Remember that you can change this code to support non-Pydantic models, or to use a different caching backend. More over, don't forget that this cache does not invalidate when the model changes, so you might want to encode the `Model.model_json_schema()` as part of the key.

**When to Use**: Good for distributed systems where multiple processes need to access cached data, or for applications that need fast read/write access and handle complex data structures.

```python
import redis
import functools
import inspect
import instructor

from pydantic import BaseModel

client = instructor.from_provider("openai/gpt-4.1-mini")
cache = redis.Redis("localhost")


def instructor_cache(func):
    """Cache a function that returns a Pydantic model"""
    return_type = inspect.signature(func).return_annotation
    if not issubclass(return_type, BaseModel):  # (1)
        raise ValueError("The return type must be a Pydantic model")

    @functools.wraps(func)
    def wrapper(*args, **kwargs):
        key = f"{func.__name__}-{functools._make_key(args, kwargs, typed=False)}"  # (2)
        # Check if the result is already cached
        if (cached := cache.get(key)) is not None:
            # Deserialize from JSON based on the return type
            return return_type.model_validate_json(cached)

        # Call the function and cache its result
        result = func(*args, **kwargs)
        serialized_result = result.model_dump_json()
        cache.set(key, serialized_result)

        return result

    return wrapper


class UserDetail(BaseModel):
    name: str
    age: int


@instructor_cache
def extract(data) -> UserDetail:
    # Assuming client.chat.completions.create returns a UserDetail instance
    return client.create(
        response_model=UserDetail,
        messages=[
            {"role": "user", "content": data},
        ],
    )
```

1. We only want to cache functions that return a Pydantic model to simplify serialization and deserialization logic
1. We use functool's `_make_key` to generate a unique key based on the function's name and arguments.
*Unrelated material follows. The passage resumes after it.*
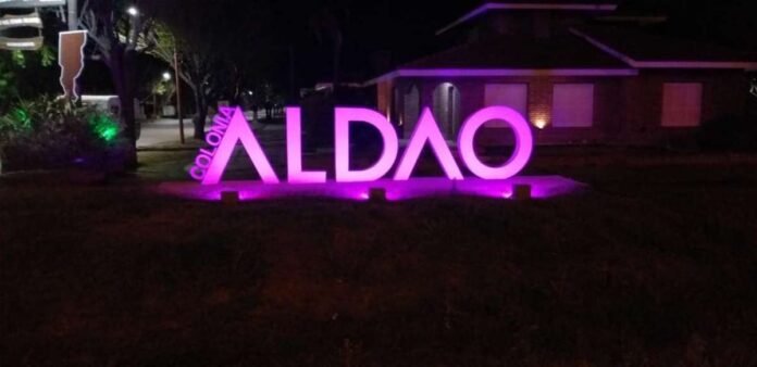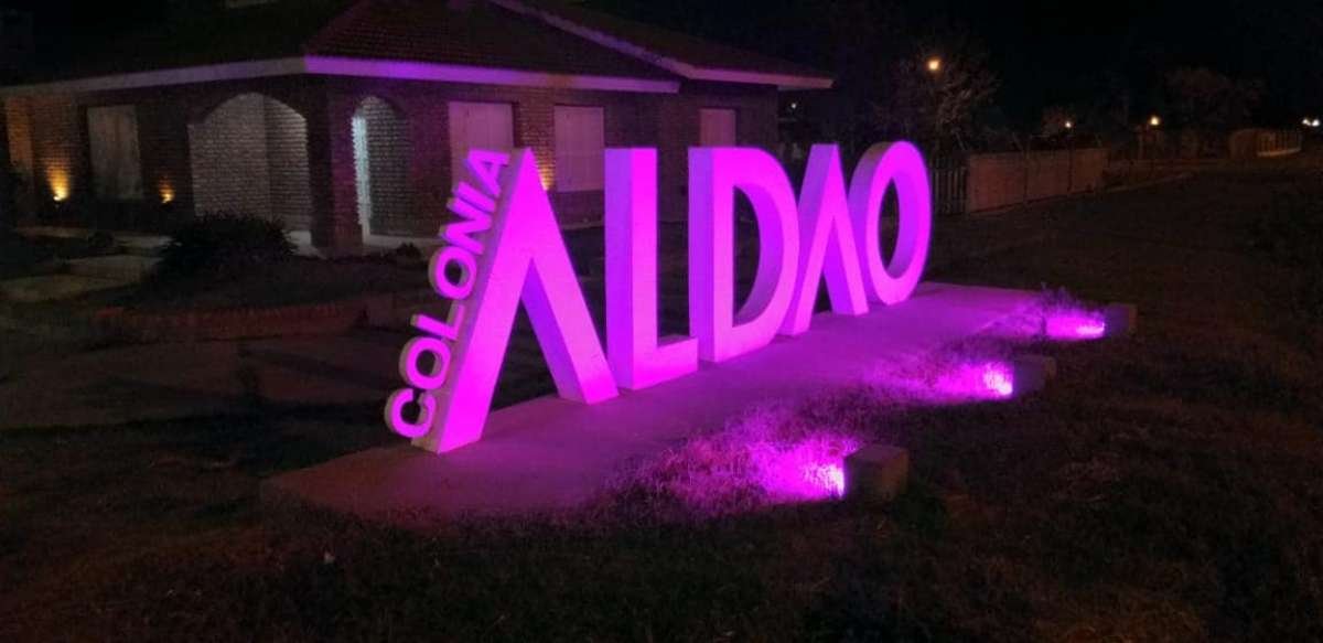 La Comuna de Colonia Aldao resolvió iluminar de color rosa el cartel de letras corpóreas que se encuentra en el acceso a la localidad, como una forma de sumarse a la campaña de concientización de Cáncer de Mamas, tal como acontece a lo largo de cada mes de octubre.

This is important because we want to cache the result of each function call separately.

**Benefits**: Scalable for large-scale systems, supports fast in-memory data storage and retrieval, and works with various data types.

Same Decorator, Different Backend

The code above uses the same `instructor_cache` decorator as before. The implementation is the same, but it uses a different caching backend.